Logging

Logging related parameters and functions are essential for users to control the display of solving logs of COPT. This chapter provides an interpretation of loggings for different algorithms, including the following sections:

Parameters and Functions for Logging

Users can control the display of logs by setting related parameters.

  • Logging

    Integer parameter.

    Whether to print optimization logs.

    Default: 1

    Possible values:

    0: No optimization logs.

    1: Print optimization logs.

  • LogToConsole

    Integer parameter.

    Whether to print optimization logs to console.

    Default: 1

    Possible values:

    0: No optimization logs to console.

    1: Print optimization logs to console.

COPT provides operations related to logs, such as setting the logging file.

COPT provides functions to set the logging file, write the optimization logs into the specified file (with the file name suffix .log ), allowing users to save and review the logs.

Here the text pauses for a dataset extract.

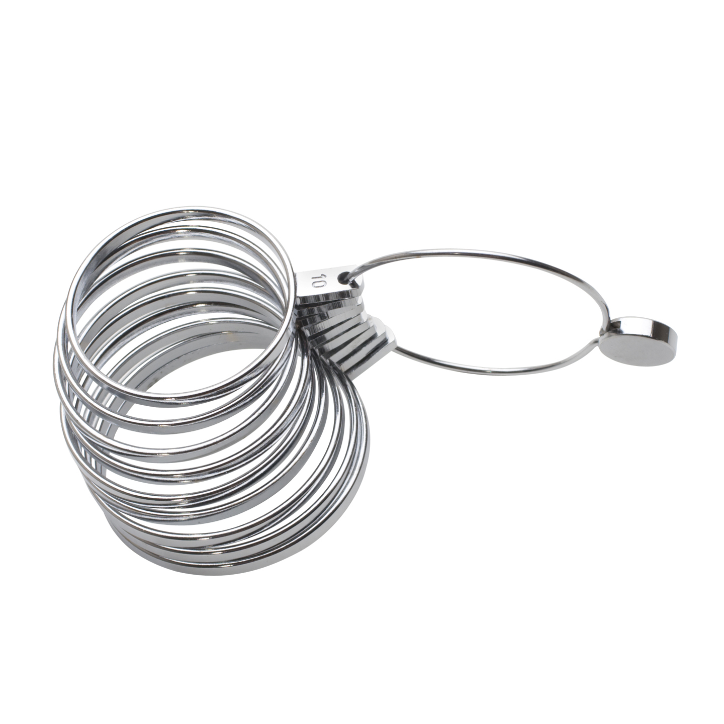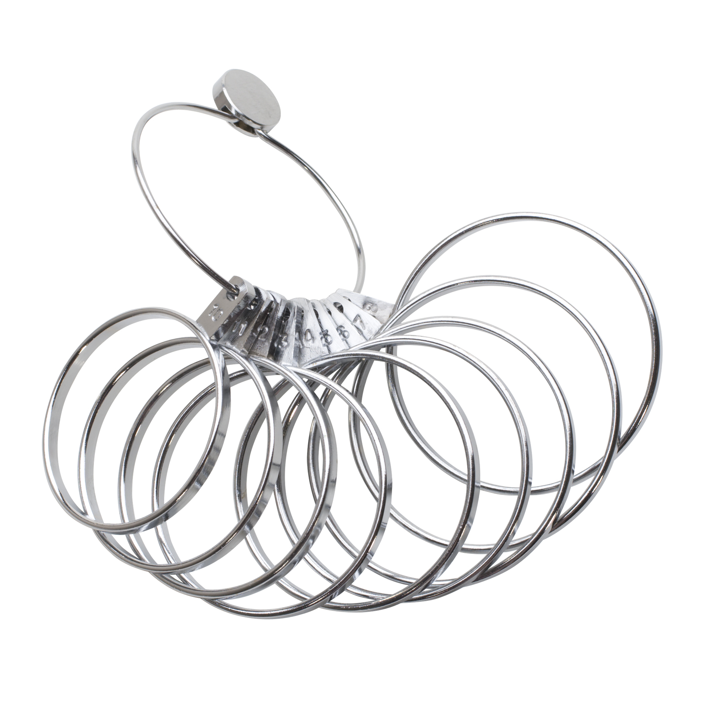 Bracelet gauges are made of heavy gauge base metal, nickel-plated and securely attached to a handy 2-3/4" ring for safe-keeping. Medium: Sizes 10-18 for small to medium teens and smaller adult wrists.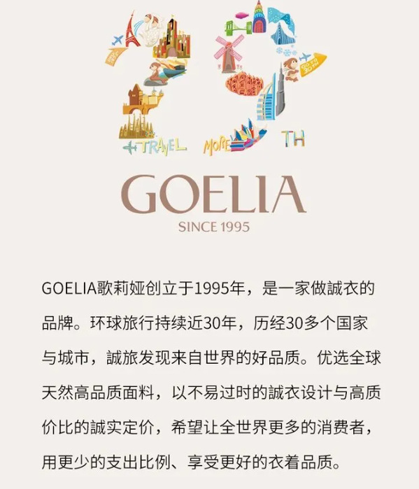 歌莉娅创立于1995年,29年专注高品质与高质价比的中国誠衣品牌!希望让更多的消费者,用更少的支出比例,享受更好的衣着品质。

The functions for different programming interfaces are shown in Table 27:

Table 27 Functions for setting logging files in different programming interfaces

Programming Interface

Functions for setting logging files

C

COPT_SetLogFile

C++

Model::SetLogFile()

C#

Model.SetLogFile()

Java

Model.setLogFile()

Python

Model.setLogFile()

Note: When calling these functions, users should specify the file name for saving logs using the logfile parameter.

Basic Information

COPT outputs basic information before starting the solving process, depending on the problem types. The following information is typically displayed:

Model fingerprint: 2c27ab28

Hardware has 64 cores and 128 threads. Using instruction set X86_AVX512_E1 (14)
Minimizing a MIP problem

Here, Model fingerprint represents the unique code for the current model.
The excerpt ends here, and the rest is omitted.